[Stored items]
-- Opening Marker --

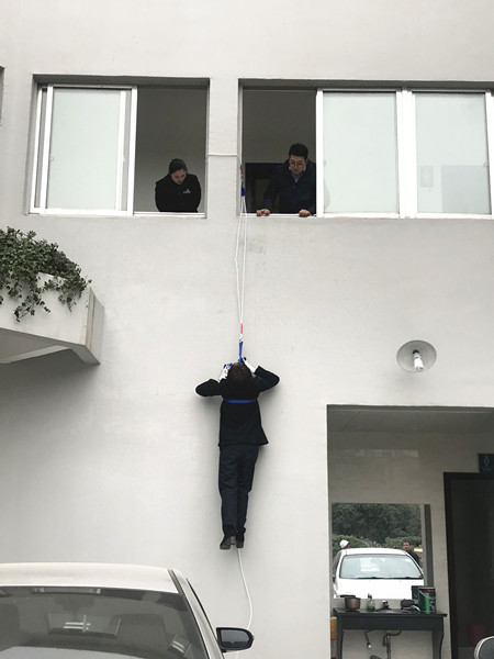 圖為高處逃生演練現(xiàn)場(chǎng) 理論培訓(xùn)結(jié)束后,溫嶺西收費(fèi)所隨即開(kāi)展實(shí)地逃生演練,讓員工學(xué)習(xí)使用逃生繩從高處逃生的技能。在蔡教官的指導(dǎo)下,一名收費(fèi)員大膽地自我推薦,主動(dòng)嘗試此自救方法。 一切準(zhǔn)備就緒,該收費(fèi)員迅速爬上窗戶(hù),利用逃生繩小心地沿著墻壁下滑,并順利落地。教官最后根據(jù)演練情況作點(diǎn)評(píng)。 此項(xiàng)技能有助于在火災(zāi)時(shí)多開(kāi)辟一條逃生通道,減少人員傷亡。 通過(guò)此次全面的培訓(xùn)演練,溫嶺西收費(fèi)所將全力共抓消防安全工作,排除各類(lèi)隱患。 鄭霞霞
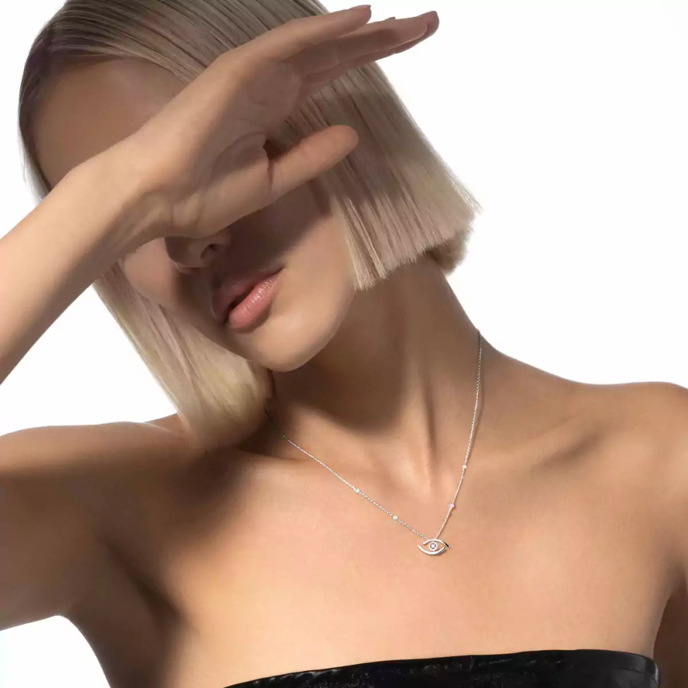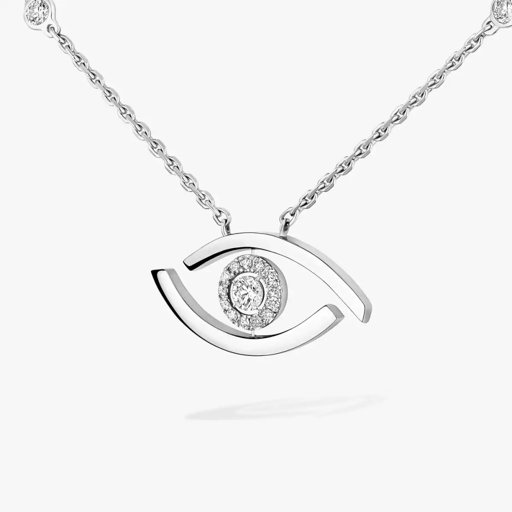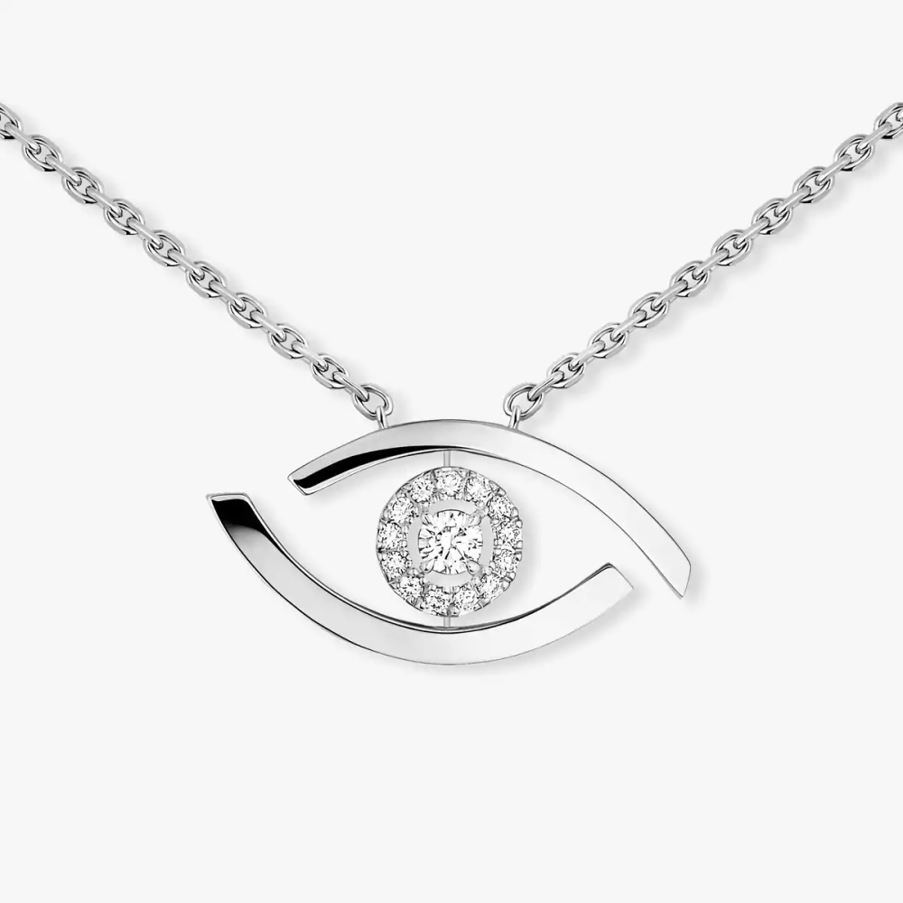 Le collier diamant Lucky Eye est également disponible en or rose et en or jaune.
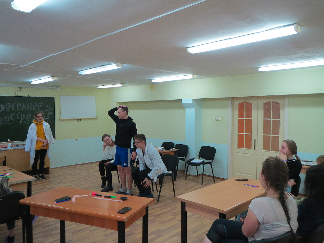 27 апреля в читальном зале общежития №4 ВГМУ прошёл творческий конкурс «Весеннее обострение» в рамках «Студенческой весны ВГМУ-2021». Почему «Весеннее обострение»? Потому что весна – поистине удивительное время, когда обостряются все чувства. Весна – это время обновления, талантов и творческих открытий. Все участники конкурса были разделены на команды при помощи разноцветных лент, которые вытягивали ребята из волшебной шляпы. Затем каждая команда за 10 минут должна была придумать себе название, эмблему и девиз. После чего всем было предложено на месте продумать креативный творческий номер и выступить с ним. Кто-то решил прочитать длинное стихотворение, кто-то – побыть актерами и провести небольшую инсценировку из жизни студентов-медиков или врачей. Кто-то побыл доктором Айболитом и излечил всех животных. Каждая команда отличалась своей харизмой и необычным подходом к выступлению.
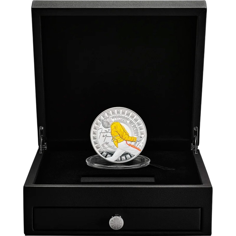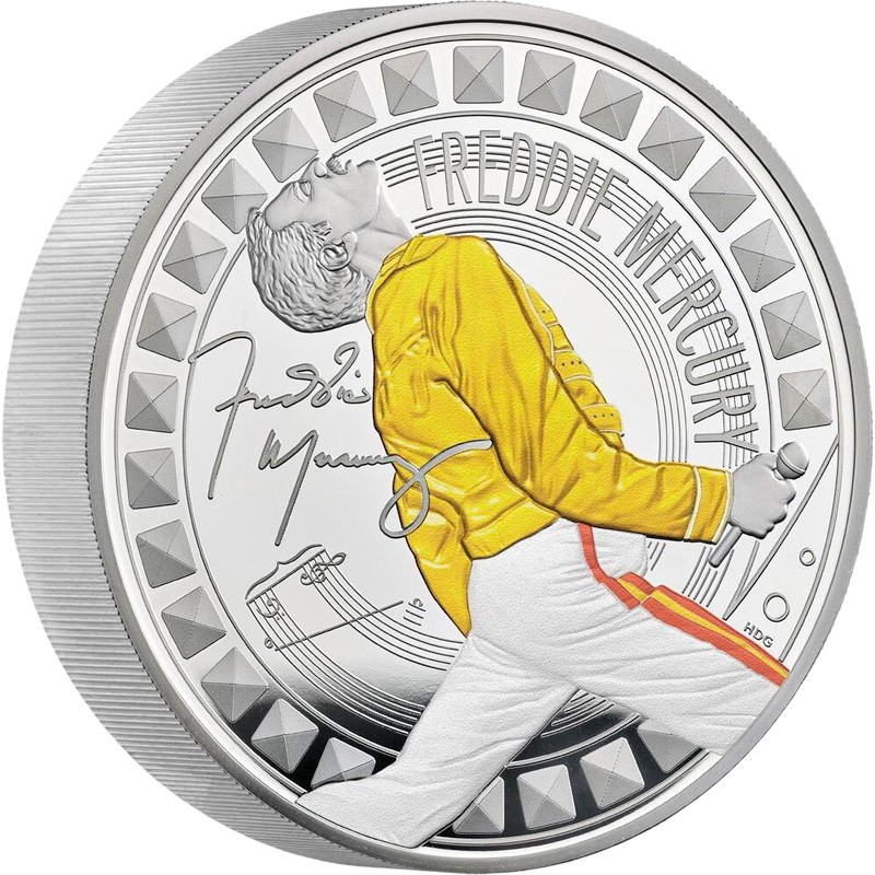 Эта очаровательная серебряная монета является новым выпуском серии «Легенды музыки» и посвящена Фредди Меркьюри.
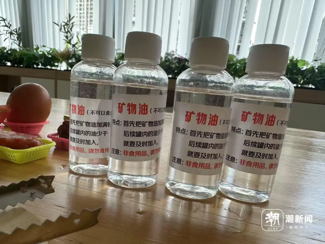 而锅下的燃烧罐,使用的是商家赠送的“矿物油”进行引燃——一小罐“矿物油”约100毫升,需手动倒入“灶台”空罐中。潮新闻记者亲测发现,罐口直径偏小,在倾倒时,这些“矿物油”容易外溢在瓶身外沿,甚至流淌到瓶身外。
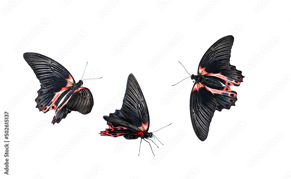 Tropical butterflies Papilio Rumanzovia isolated on white background close up. beautiful black-red Papilio Rumanzovia (Scarlet Mormon) living in Indonesia, Philippines islands. element for design.
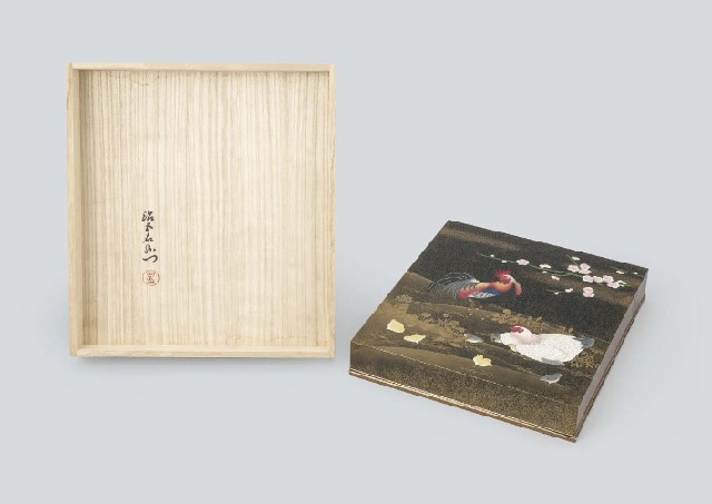 [Lot0786] Covered box with design of rooster and plants in maki-e lacquer
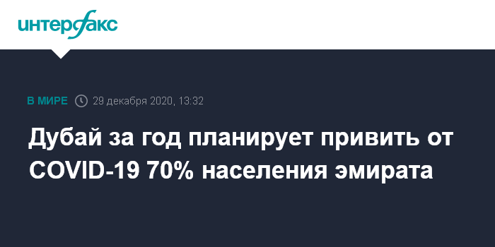 Дубай за год планирует привить от COVID-19 70% населения эмирата
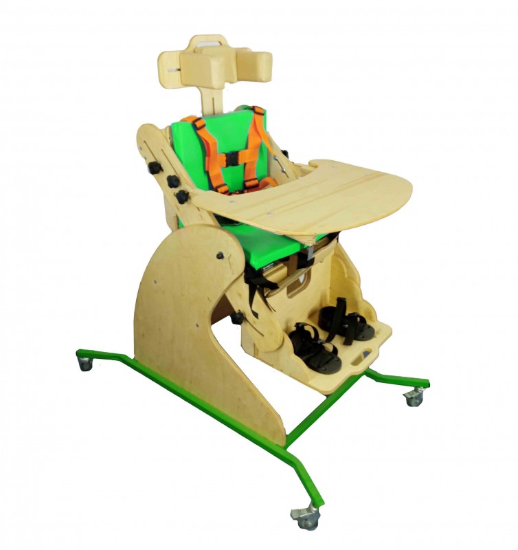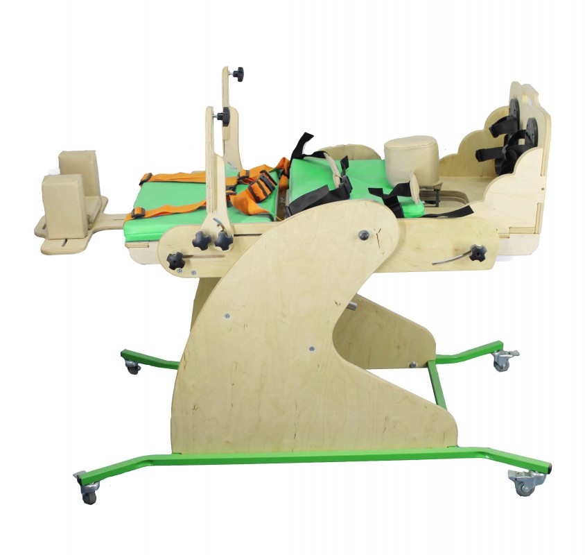Представляет собой металлическую раму на четырехколесном основании с поворотными колесами, оснащенными стояночными тормозами, с поворотным ложем со съемными мягкими подушками на спинке и сиденье, подножкой со стоподержателями, абдуктором и системой креплений. На раму установлено поворотное ложе, состоящее из трех секций (спинка-сиденье-подножка), соединенных между собой шарнирными соединениями, обеспечивающими положение секций под различными углами друг относительно друга. Поворотное ложе может изменять угол от горизонтального до вертикального с фиксацией выбранного положения. Для крепления ребенка-инвалида применяется система креплений в виде ремней типа «уздечка» для фиксации верхней части тела, бедренного ремня и ремня для голеней.
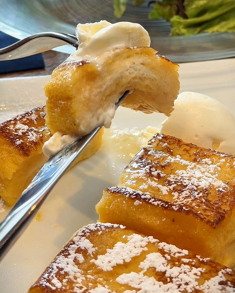 10時間もの間しっかりと浸け込んでから、外をカリッと焼いて、その後オーブンで中までふっくら仕上げる二度焼き製法で、外はさっくり、中はプリンのようにトロトロで、これがもうめちゃくちゃ美味しいんです!食感が絶妙で、最後まで飽きずに楽しめます。
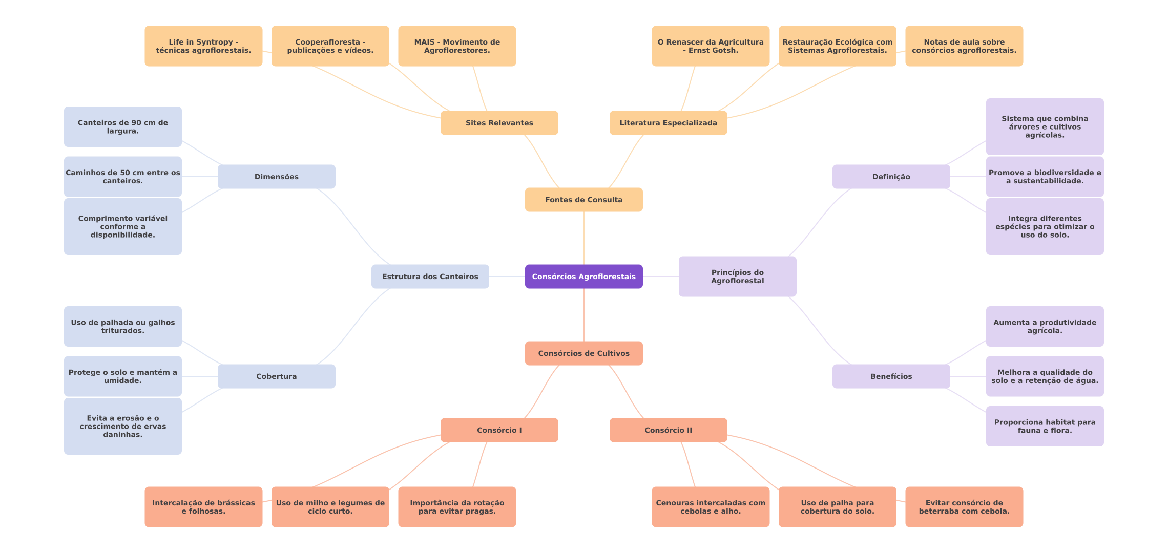 Life in Syntropy Cooperafloresta MAIS Movimento de Renascer da Agricultura Restauração Ecológica com Notas de aula sobre técnicas agroflorestais. publicações e vídeos. Agroflorestores. Ernst Gotsh. Sistemas Agroflorestais. consórcios agroflorestais. Sistema que combina Canteiros de 90 cm de Sites Relevantes Literatura Especializada árvores e cultivos largura. agrícolas. Caminhos de 50 cm entre os Promove a biodiversidade e Dimensões Definição canteiros. a sustentabilidade. Fontes de Consulta Comprimento variável Integra diferentes conforme a espécies para otimizar disponibilidade. uso do solo. Estrutura dos Canteiros Princípios do Consórcios Agroflorestais Agroflorestal Uso de palhada ou galhos Aumenta a produtividade triturados. agrícola. Consórcios de Cultivos Protege solo e mantém a Benefícios Melhora a qualidade do Cobertura umidade. solo e a retenção de água. Evita a erosão e Proporciona habitat para crescimento de ervas Consórcio I Consórcio II fauna e flora. daninhas. Intercalação de brássicas Uso de milho e legumes de Importância da rotação Cenouras intercaladas com Uso de palha para Evitar consórcio de e folhosas. ciclo curto. para evitar pragas. cebolas e alho. cobertura do solo. beterraba com cebola.
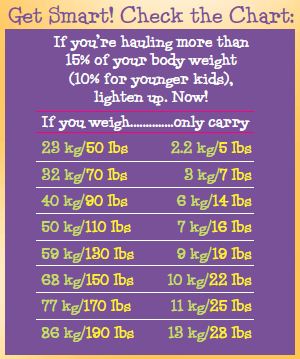 - Elementary students should not carry more than 10% of their body weight. (eg. If your child is 80 pounds, they shouldn’t carry more than eight pounds- or the equivalent of a pair of shoes, a snack, drink and 2-3 textbooks). SEE THE TABLE BELOW.
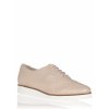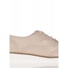 Boty s broque dírkováním v oxford stylu z béžové lakované kůže jsou absolutně chic! Polobotky stojí na výrazné trendy bílé podrážce, která se mírně od paty svažuje. Dodají vám tak extra centimetry tím nejpohodlnějším způsobem. Kousek, který unosíte k eleganím kalhotám i slim modrým džínům. Kožená podšívka zajišťuje maximální komfort při nošení. Mají praktické šněrování a dvojitou měkkou koženou stélku.
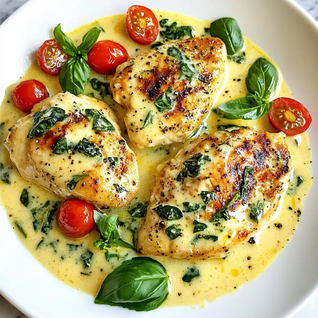 Garnish with fresh basil leaves for a lovely touch. It adds a pop of green and freshness. Serve the chicken on a nice plate. This makes it look more appealing. You can also pair it with pasta or rice. These sides soak up the creamy sauce well.
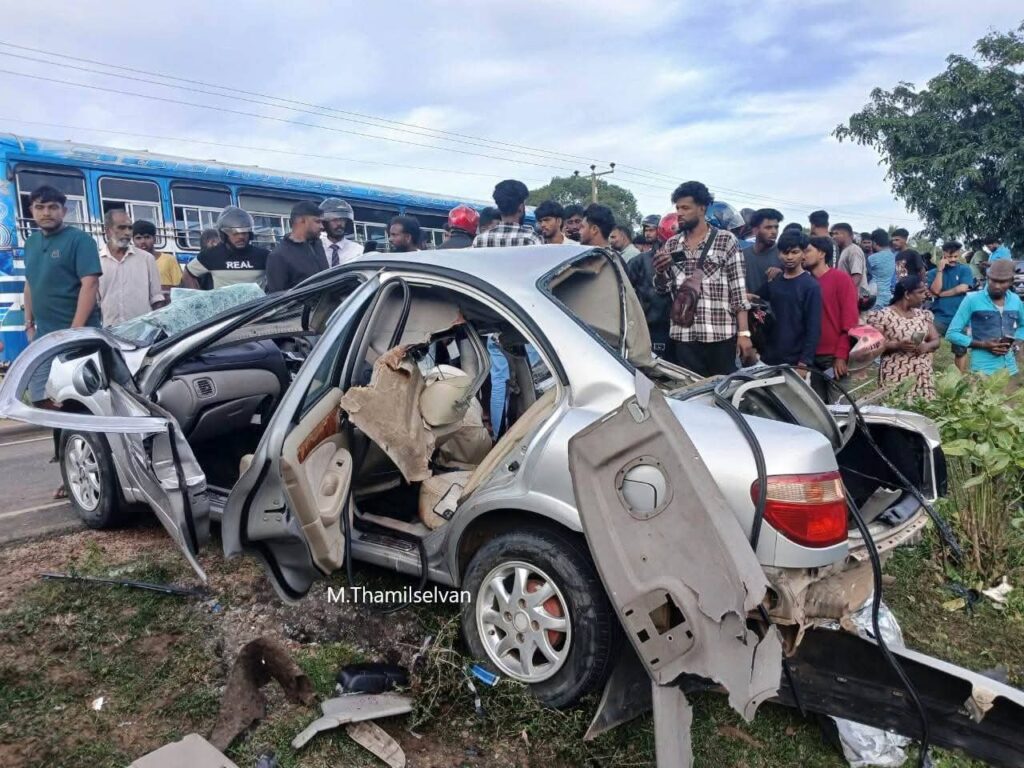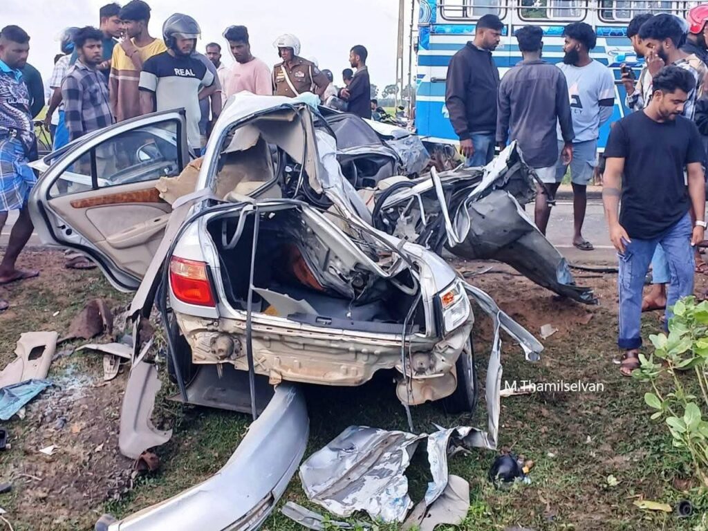இதன் போது, மகிழுந்தில் பயணித்த நான்கு பேர் பலியாகியுள்ளனர்.

-- Closing Marker --

**Activity**
For the records above, give every line again exactly and skip the pictures.

**Result of this task**
 圖為高處逃生演練現(xiàn)場(chǎng) 理論培訓(xùn)結(jié)束后,溫嶺西收費(fèi)所隨即開(kāi)展實(shí)地逃生演練,讓員工學(xué)習(xí)使用逃生繩從高處逃生的技能。在蔡教官的指導(dǎo)下,一名收費(fèi)員大膽地自我推薦,主動(dòng)嘗試此自救方法。 一切準(zhǔn)備就緒,該收費(fèi)員迅速爬上窗戶(hù),利用逃生繩小心地沿著墻壁下滑,并順利落地。教官最后根據(jù)演練情況作點(diǎn)評(píng)。 此項(xiàng)技能有助于在火災(zāi)時(shí)多開(kāi)辟一條逃生通道,減少人員傷亡。 通過(guò)此次全面的培訓(xùn)演練,溫嶺西收費(fèi)所將全力共抓消防安全工作,排除各類(lèi)隱患。 鄭霞霞
 Le collier diamant Lucky Eye est également disponible en or rose et en or jaune.
 27 апреля в читальном зале общежития №4 ВГМУ прошёл творческий конкурс «Весеннее обострение» в рамках «Студенческой весны ВГМУ-2021». Почему «Весеннее обострение»? Потому что весна – поистине удивительное время, когда обостряются все чувства. Весна – это время обновления, талантов и творческих открытий. Все участники конкурса были разделены на команды при помощи разноцветных лент, которые вытягивали ребята из волшебной шляпы. Затем каждая команда за 10 минут должна была придумать себе название, эмблему и девиз. После чего всем было предложено на месте продумать креативный творческий номер и выступить с ним. Кто-то решил прочитать длинное стихотворение, кто-то – побыть актерами и провести небольшую инсценировку из жизни студентов-медиков или врачей. Кто-то побыл доктором Айболитом и излечил всех животных. Каждая команда отличалась своей харизмой и необычным подходом к выступлению.
 Эта очаровательная серебряная монета является новым выпуском серии «Легенды музыки» и посвящена Фредди Меркьюри.
 而锅下的燃烧罐,使用的是商家赠送的“矿物油”进行引燃——一小罐“矿物油”约100毫升,需手动倒入“灶台”空罐中。潮新闻记者亲测发现,罐口直径偏小,在倾倒时,这些“矿物油”容易外溢在瓶身外沿,甚至流淌到瓶身外。
 Tropical butterflies Papilio Rumanzovia isolated on white background close up. beautiful black-red Papilio Rumanzovia (Scarlet Mormon) living in Indonesia, Philippines islands. element for design.
 [Lot0786] Covered box with design of rooster and plants in maki-e lacquer
 Дубай за год планирует привить от COVID-19 70% населения эмирата
Представляет собой металлическую раму на четырехколесном основании с поворотными колесами, оснащенными стояночными тормозами, с поворотным ложем со съемными мягкими подушками на спинке и сиденье, подножкой со стоподержателями, абдуктором и системой креплений. На раму установлено поворотное ложе, состоящее из трех секций (спинка-сиденье-подножка), соединенных между собой шарнирными соединениями, обеспечивающими положение секций под различными углами друг относительно друга. Поворотное ложе может изменять угол от горизонтального до вертикального с фиксацией выбранного положения. Для крепления ребенка-инвалида применяется система креплений в виде ремней типа «уздечка» для фиксации верхней части тела, бедренного ремня и ремня для голеней.
 10時間もの間しっかりと浸け込んでから、外をカリッと焼いて、その後オーブンで中までふっくら仕上げる二度焼き製法で、外はさっくり、中はプリンのようにトロトロで、これがもうめちゃくちゃ美味しいんです!食感が絶妙で、最後まで飽きずに楽しめます。
 Life in Syntropy Cooperafloresta MAIS Movimento de Renascer da Agricultura Restauração Ecológica com Notas de aula sobre técnicas agroflorestais. publicações e vídeos. Agroflorestores. Ernst Gotsh. Sistemas Agroflorestais. consórcios agroflorestais. Sistema que combina Canteiros de 90 cm de Sites Relevantes Literatura Especializada árvores e cultivos largura. agrícolas. Caminhos de 50 cm entre os Promove a biodiversidade e Dimensões Definição canteiros. a sustentabilidade. Fontes de Consulta Comprimento variável Integra diferentes conforme a espécies para otimizar disponibilidade. uso do solo. Estrutura dos Canteiros Princípios do Consórcios Agroflorestais Agroflorestal Uso de palhada ou galhos Aumenta a produtividade triturados. agrícola. Consórcios de Cultivos Protege solo e mantém a Benefícios Melhora a qualidade do Cobertura umidade. solo e a retenção de água. Evita a erosão e Proporciona habitat para crescimento de ervas Consórcio I Consórcio II fauna e flora. daninhas. Intercalação de brássicas Uso de milho e legumes de Importância da rotação Cenouras intercaladas com Uso de palha para Evitar consórcio de e folhosas. ciclo curto. para evitar pragas. cebolas e alho. cobertura do solo. beterraba com cebola.
 - Elementary students should not carry more than 10% of their body weight. (eg. If your child is 80 pounds, they shouldn’t carry more than eight pounds- or the equivalent of a pair of shoes, a snack, drink and 2-3 textbooks). SEE THE TABLE BELOW.
 Boty s broque dírkováním v oxford stylu z béžové lakované kůže jsou absolutně chic! Polobotky stojí na výrazné trendy bílé podrážce, která se mírně od paty svažuje. Dodají vám tak extra centimetry tím nejpohodlnějším způsobem. Kousek, který unosíte k eleganím kalhotám i slim modrým džínům. Kožená podšívka zajišťuje maximální komfort při nošení. Mají praktické šněrování a dvojitou měkkou koženou stélku.
 Garnish with fresh basil leaves for a lovely touch. It adds a pop of green and freshness. Serve the chicken on a nice plate. This makes it look more appealing. You can also pair it with pasta or rice. These sides soak up the creamy sauce well.
இதன் போது, மகிழுந்தில் பயணித்த நான்கு பேர் பலியாகியுள்ளனர்.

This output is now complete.